Task item
Starting with the line below that holds "吊るす飾り、紙皿の飾り、ネックレス、とても素敵な作品が出来たね。" and stopping after the line that holds "Apple Watch Series", transcribe the lines exactly, leaving out all pictures.

Record extracts
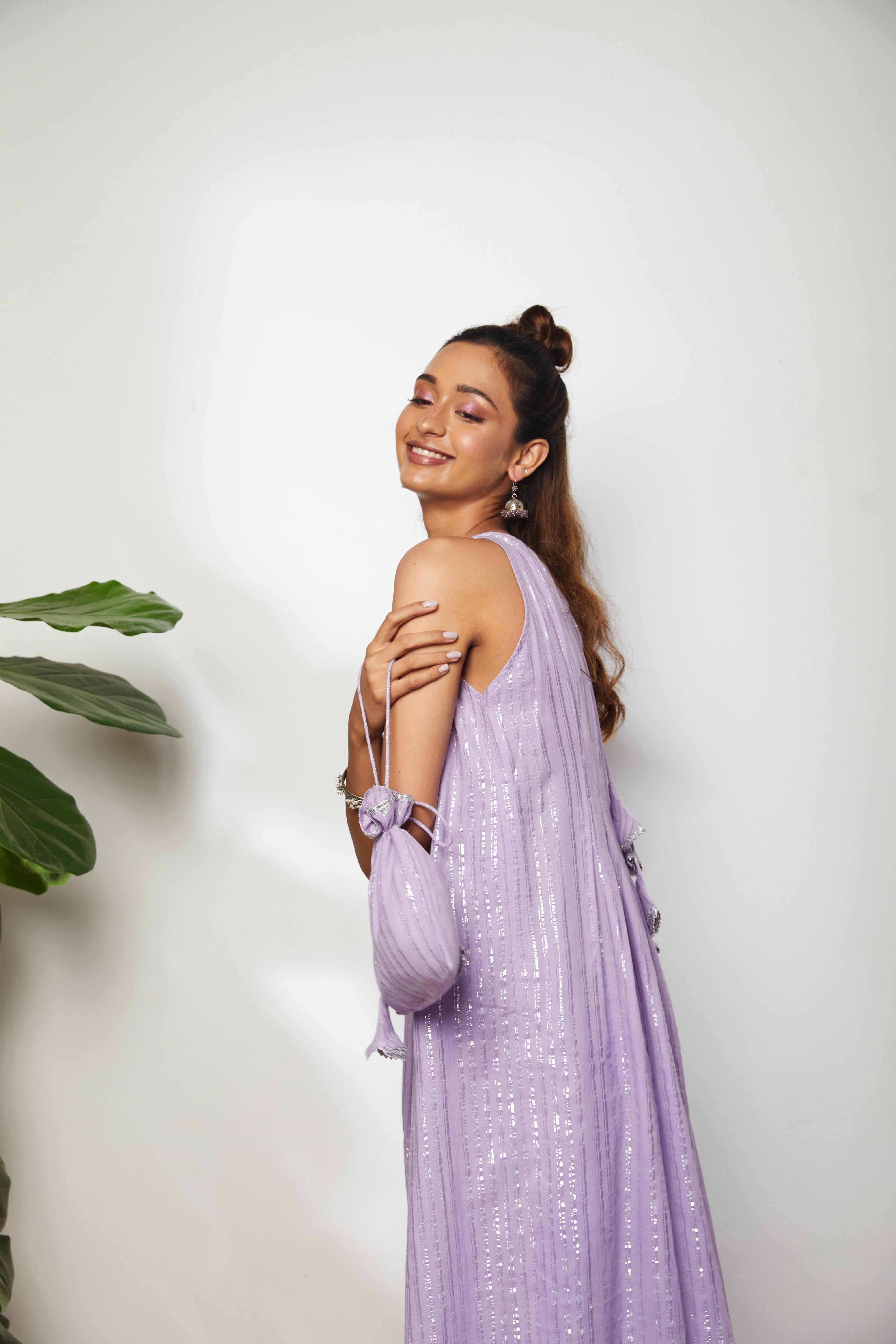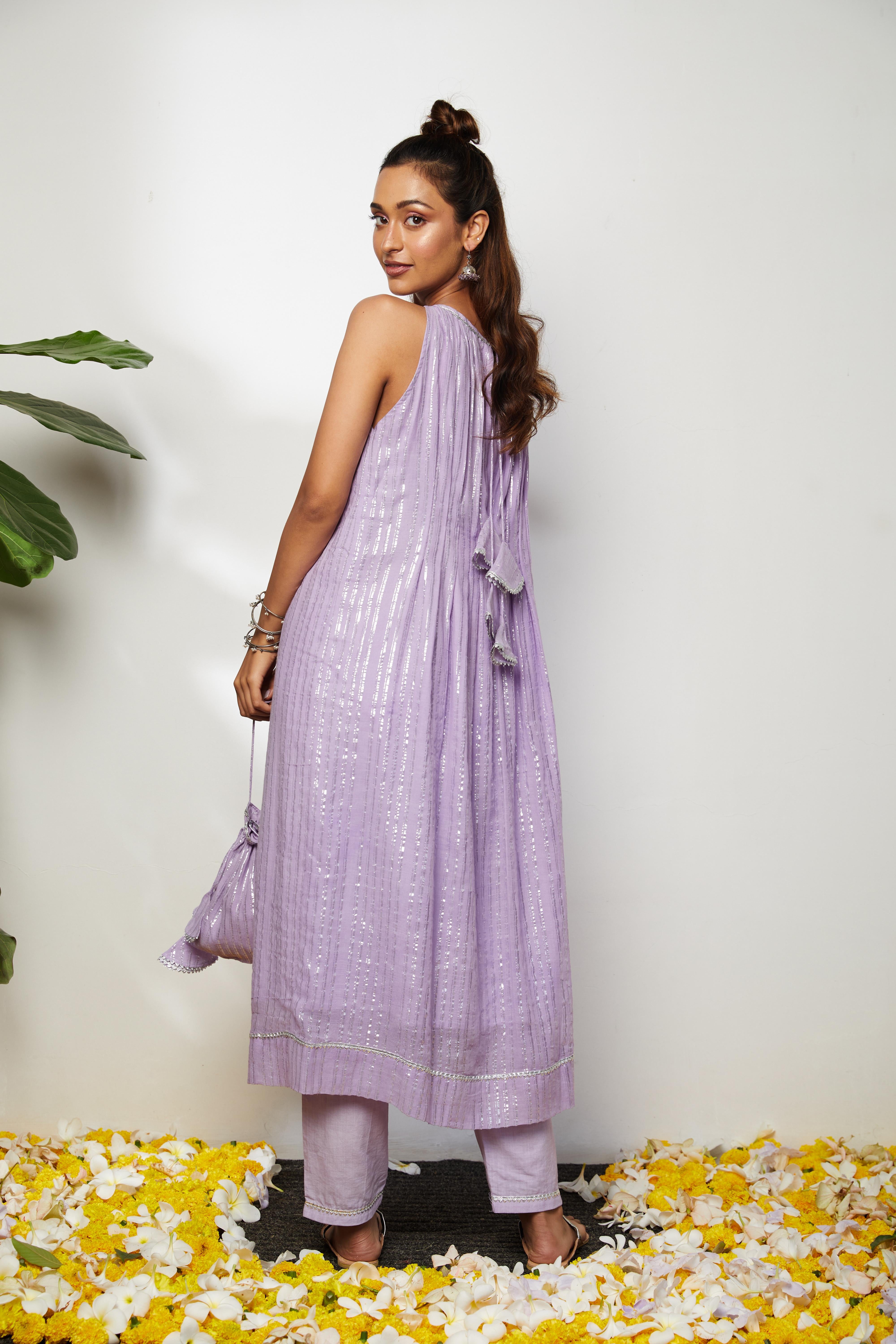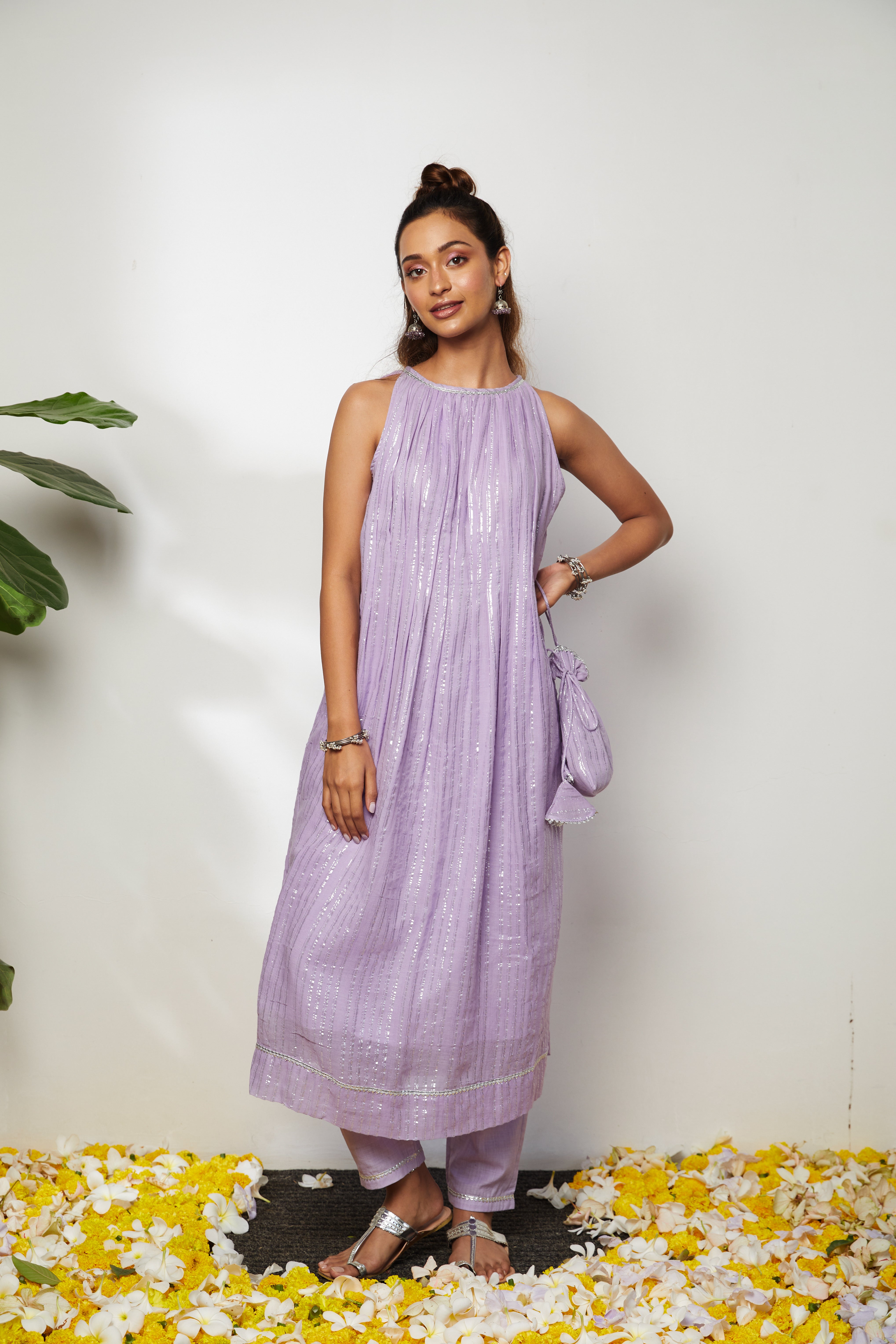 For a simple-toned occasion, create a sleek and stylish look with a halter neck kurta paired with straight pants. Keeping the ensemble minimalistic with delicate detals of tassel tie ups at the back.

...

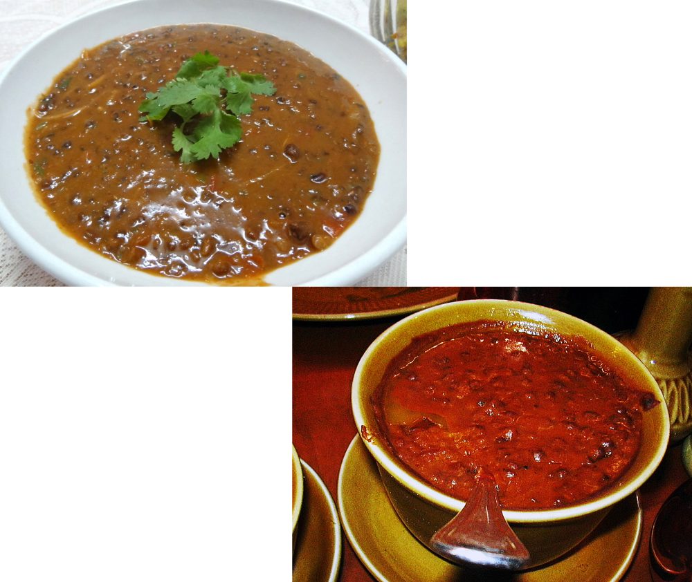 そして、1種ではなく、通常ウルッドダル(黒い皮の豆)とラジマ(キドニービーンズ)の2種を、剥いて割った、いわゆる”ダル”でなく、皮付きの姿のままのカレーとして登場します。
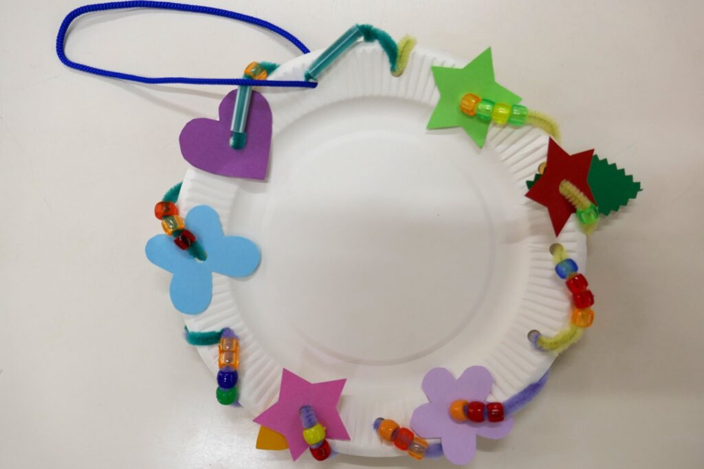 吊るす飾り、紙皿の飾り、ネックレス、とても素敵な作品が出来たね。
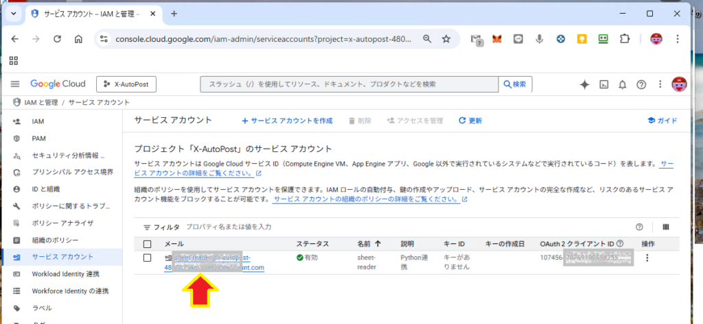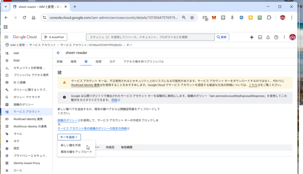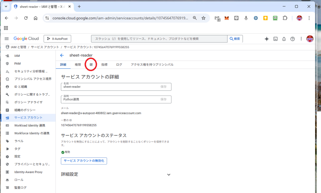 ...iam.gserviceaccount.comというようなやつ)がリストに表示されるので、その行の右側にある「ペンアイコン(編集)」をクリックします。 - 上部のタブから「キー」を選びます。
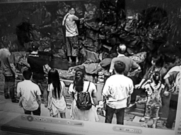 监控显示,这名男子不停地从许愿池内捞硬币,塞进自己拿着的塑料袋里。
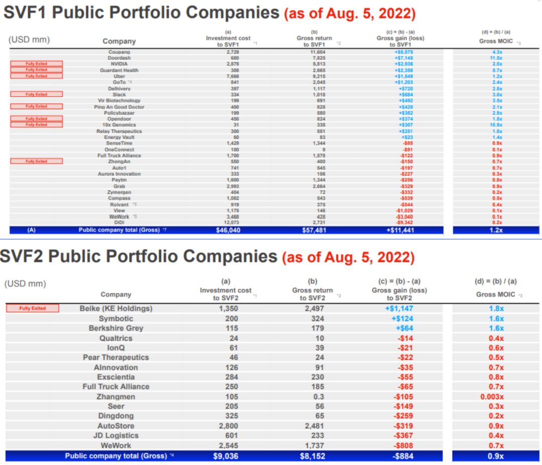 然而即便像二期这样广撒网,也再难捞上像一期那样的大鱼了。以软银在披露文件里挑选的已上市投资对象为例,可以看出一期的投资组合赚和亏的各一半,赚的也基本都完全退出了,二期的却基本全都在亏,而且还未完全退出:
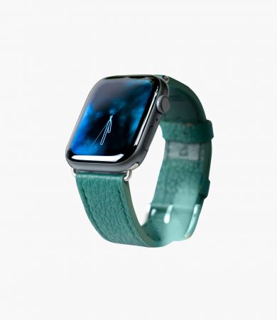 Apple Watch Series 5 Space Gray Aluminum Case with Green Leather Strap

Exercise response
 吊るす飾り、紙皿の飾り、ネックレス、とても素敵な作品が出来たね。
 ...iam.gserviceaccount.comというようなやつ)がリストに表示されるので、その行の右側にある「ペンアイコン(編集)」をクリックします。 - 上部のタブから「キー」を選びます。
 监控显示,这名男子不停地从许愿池内捞硬币,塞进自己拿着的塑料袋里。
 然而即便像二期这样广撒网,也再难捞上像一期那样的大鱼了。以软银在披露文件里挑选的已上市投资对象为例,可以看出一期的投资组合赚和亏的各一半,赚的也基本都完全退出了,二期的却基本全都在亏,而且还未完全退出:
 Apple Watch Series 5 Space Gray Aluminum Case with Green Leather Strap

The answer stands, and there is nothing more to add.